■ **TASK TO COMPLETE**
Without the pictures, repeat the listing character for character.
+ + + + +
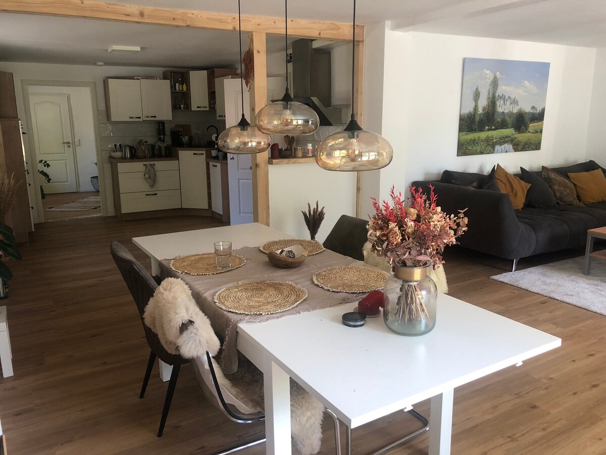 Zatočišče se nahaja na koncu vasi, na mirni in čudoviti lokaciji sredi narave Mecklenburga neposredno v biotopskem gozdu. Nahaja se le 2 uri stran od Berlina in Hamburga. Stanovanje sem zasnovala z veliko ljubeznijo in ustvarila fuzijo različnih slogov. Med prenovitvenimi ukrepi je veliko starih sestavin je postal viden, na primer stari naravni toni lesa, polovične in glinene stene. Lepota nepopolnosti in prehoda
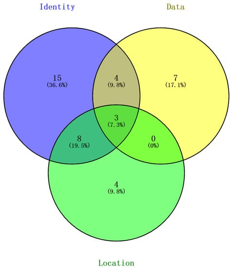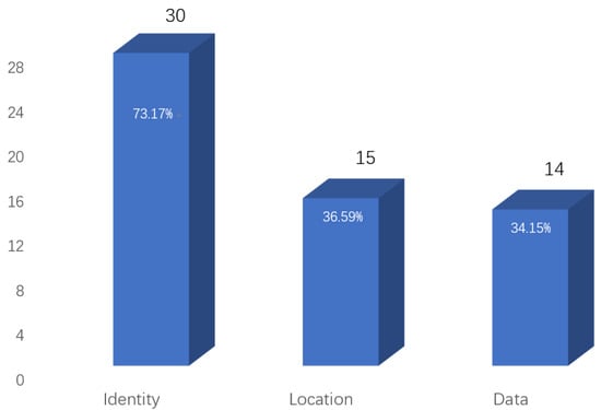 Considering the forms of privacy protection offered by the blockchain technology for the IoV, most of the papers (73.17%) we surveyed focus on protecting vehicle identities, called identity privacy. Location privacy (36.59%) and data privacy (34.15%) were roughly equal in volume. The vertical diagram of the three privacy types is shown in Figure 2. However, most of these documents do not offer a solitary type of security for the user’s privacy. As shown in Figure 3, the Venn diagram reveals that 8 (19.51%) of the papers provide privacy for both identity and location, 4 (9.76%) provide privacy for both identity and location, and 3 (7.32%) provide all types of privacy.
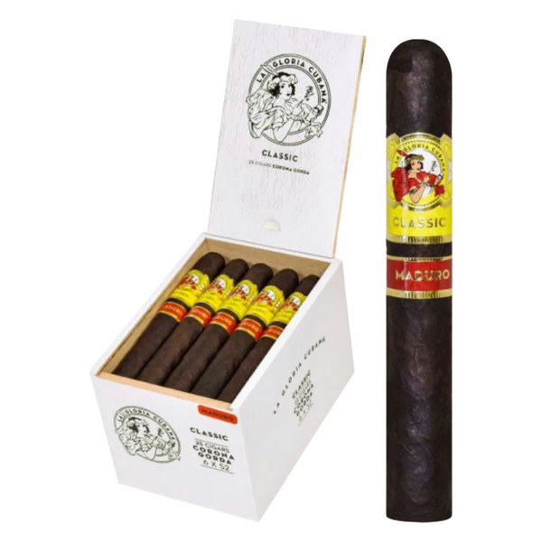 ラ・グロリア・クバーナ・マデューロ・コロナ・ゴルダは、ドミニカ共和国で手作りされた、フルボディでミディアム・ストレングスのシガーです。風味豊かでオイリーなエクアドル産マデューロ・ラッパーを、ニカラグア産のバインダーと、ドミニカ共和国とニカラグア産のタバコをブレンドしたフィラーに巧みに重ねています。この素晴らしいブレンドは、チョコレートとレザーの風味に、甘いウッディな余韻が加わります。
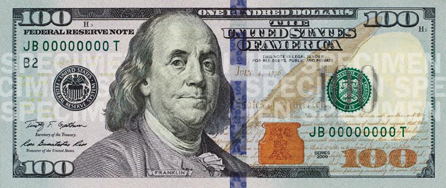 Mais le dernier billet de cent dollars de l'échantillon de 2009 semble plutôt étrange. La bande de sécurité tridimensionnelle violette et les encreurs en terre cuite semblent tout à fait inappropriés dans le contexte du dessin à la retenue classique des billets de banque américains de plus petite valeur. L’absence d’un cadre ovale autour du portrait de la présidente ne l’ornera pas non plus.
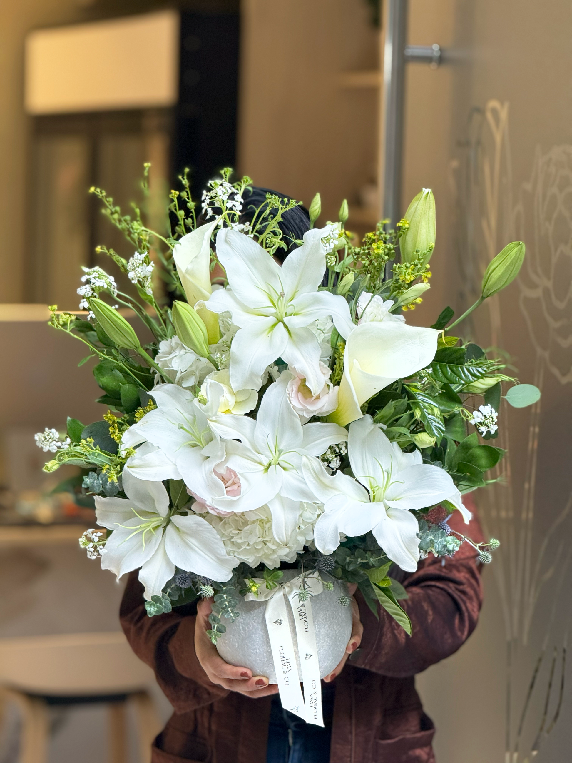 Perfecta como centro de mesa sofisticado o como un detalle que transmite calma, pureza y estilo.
+ + + + +
■ **EXERCISE OUTPUT**
 Zatočišče se nahaja na koncu vasi, na mirni in čudoviti lokaciji sredi narave Mecklenburga neposredno v biotopskem gozdu. Nahaja se le 2 uri stran od Berlina in Hamburga. Stanovanje sem zasnovala z veliko ljubeznijo in ustvarila fuzijo različnih slogov. Med prenovitvenimi ukrepi je veliko starih sestavin je postal viden, na primer stari naravni toni lesa, polovične in glinene stene. Lepota nepopolnosti in prehoda
 Considering the forms of privacy protection offered by the blockchain technology for the IoV, most of the papers (73.17%) we surveyed focus on protecting vehicle identities, called identity privacy. Location privacy (36.59%) and data privacy (34.15%) were roughly equal in volume. The vertical diagram of the three privacy types is shown in Figure 2. However, most of these documents do not offer a solitary type of security for the user’s privacy. As shown in Figure 3, the Venn diagram reveals that 8 (19.51%) of the papers provide privacy for both identity and location, 4 (9.76%) provide privacy for both identity and location, and 3 (7.32%) provide all types of privacy.
 ラ・グロリア・クバーナ・マデューロ・コロナ・ゴルダは、ドミニカ共和国で手作りされた、フルボディでミディアム・ストレングスのシガーです。風味豊かでオイリーなエクアドル産マデューロ・ラッパーを、ニカラグア産のバインダーと、ドミニカ共和国とニカラグア産のタバコをブレンドしたフィラーに巧みに重ねています。この素晴らしいブレンドは、チョコレートとレザーの風味に、甘いウッディな余韻が加わります。
 Mais le dernier billet de cent dollars de l'échantillon de 2009 semble plutôt étrange. La bande de sécurité tridimensionnelle violette et les encreurs en terre cuite semblent tout à fait inappropriés dans le contexte du dessin à la retenue classique des billets de banque américains de plus petite valeur. L’absence d’un cadre ovale autour du portrait de la présidente ne l’ornera pas non plus.
 Perfecta como centro de mesa sofisticado o como un detalle que transmite calma, pureza y estilo.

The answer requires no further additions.